Singular Value Decomposition (SVD)#

The SVD separates any matrix \(\boldsymbol A \in \mathbb R^{m\times n}\) into rank one pieces

\[ \boldsymbol{uv}^\mathsf{T} = \mathrm{column} \times \mathrm{row}, \quad \boldsymbol u \in \mathbb R^m, \quad \boldsymbol v \in \mathbb R^n. \]

The columns \(\boldsymbol u\) and rows \(\boldsymbol v^\mathsf{T}\) are eigenvectors of symmetric matrices \(\boldsymbol{AA}^\mathsf{T}\) and \(\boldsymbol A^\mathsf{T} \boldsymbol A\).

Singular value theorem#

Any rectangular matrix \(\boldsymbol A \in \mathbb R^{m\times n}\) has a singular value decomposition

(61)#\[\begin{split}\boldsymbol A = \boldsymbol U \boldsymbol \Sigma \boldsymbol V^\mathsf{T} = [\boldsymbol u_1 \ldots \boldsymbol u_m] \begin{pmatrix} \boldsymbol \Lambda_r & \boldsymbol 0 \\ \boldsymbol 0 & \boldsymbol 0 \end{pmatrix} \begin{pmatrix} \boldsymbol v_1^\mathsf{T}\\ \vdots \\ \boldsymbol v_n^\mathsf{T} \end{pmatrix} = \sum\limits_{i=1}^r \sigma_i \boldsymbol u_i\boldsymbol v_i^\mathsf{T}.\end{split}\]

Here

  • \(\boldsymbol U = [\boldsymbol u_1 \ldots \boldsymbol u_m] \in\mathbb R^{m\times m}\) is an orthogonal matrix;

  • \(\boldsymbol \Sigma = \begin{pmatrix} \boldsymbol \Lambda_r & \boldsymbol 0 \\ \boldsymbol 0 & \boldsymbol 0 \end{pmatrix} \in \mathbb R^{m\times n}\);

  • \(\boldsymbol \Lambda_r = \mathrm{diag}\{\sigma_1, \ldots, \sigma_r\}\), \(r \leqslant \min\{m, n\}\), \(\sigma_1 \geqslant \sigma_2 \geqslant \ldots \geqslant \sigma_r > 0\);

  • \(\boldsymbol V = [\boldsymbol v_1 \ldots \boldsymbol v_n] \in\mathbb R^{n\times n}\) is an orthogonal matrix.
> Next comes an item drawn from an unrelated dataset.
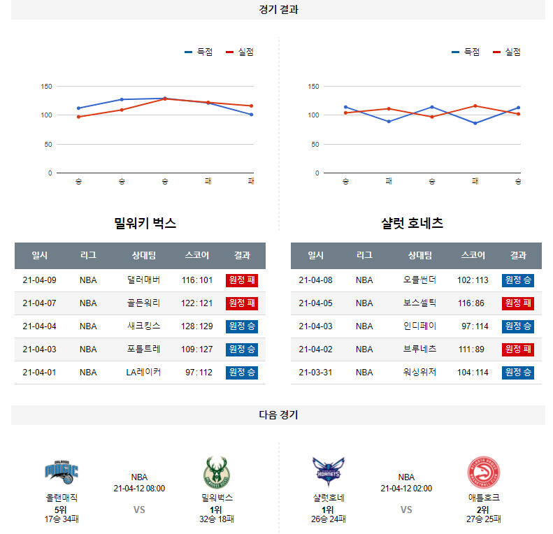 4월 10일 밀워키 샬럿 분석 NBA 농구

The numbers \(\sigma_1, \ldots, \sigma_r\) are called the singular values of \(\boldsymbol A\).

Q. What is the shape of all blocks of the matrix \(\boldsymbol \Sigma\)?

SVD in NumPy#

import numpy as np
A = np.arange(6).reshape(2, 3)
A
array([[0, 1, 2],
       [3, 4, 5]])

To find SVD, use np.linalg.svd:

U, S, V = np.linalg.svd(A)
print("U:")
print(U)
print("Singular values:", S)
print("V:")
print(V)
U:
[[-0.27472113 -0.96152395]
 [-0.96152395  0.27472113]]
Singular values: [7.34846923 1.        ]
V:
[[-0.39254051 -0.56077215 -0.7290038 ]
 [ 0.82416338  0.13736056 -0.54944226]
 [ 0.40824829 -0.81649658  0.40824829]]

Check the decomposition:

Sigma = np.hstack((np.diag(S), np.zeros(shape=(2, 1))))
U @ Sigma @ V
array([[9.6365988e-16, 1.0000000e+00, 2.0000000e+00],
       [3.0000000e+00, 4.0000000e+00, 5.0000000e+00]])

Check that \(\Vert A \Vert_F = \Vert S\Vert_2\):

np.linalg.norm(S), np.linalg.norm(A)
(7.416198487095663, 7.416198487095663)

If \(\boldsymbol A\) is a positive semidefinite square matrix (\(m=n\)) then according to the spectral theorem

\[ \boldsymbol A = \boldsymbol Q \boldsymbol \Lambda \boldsymbol Q^\mathsf{T} \]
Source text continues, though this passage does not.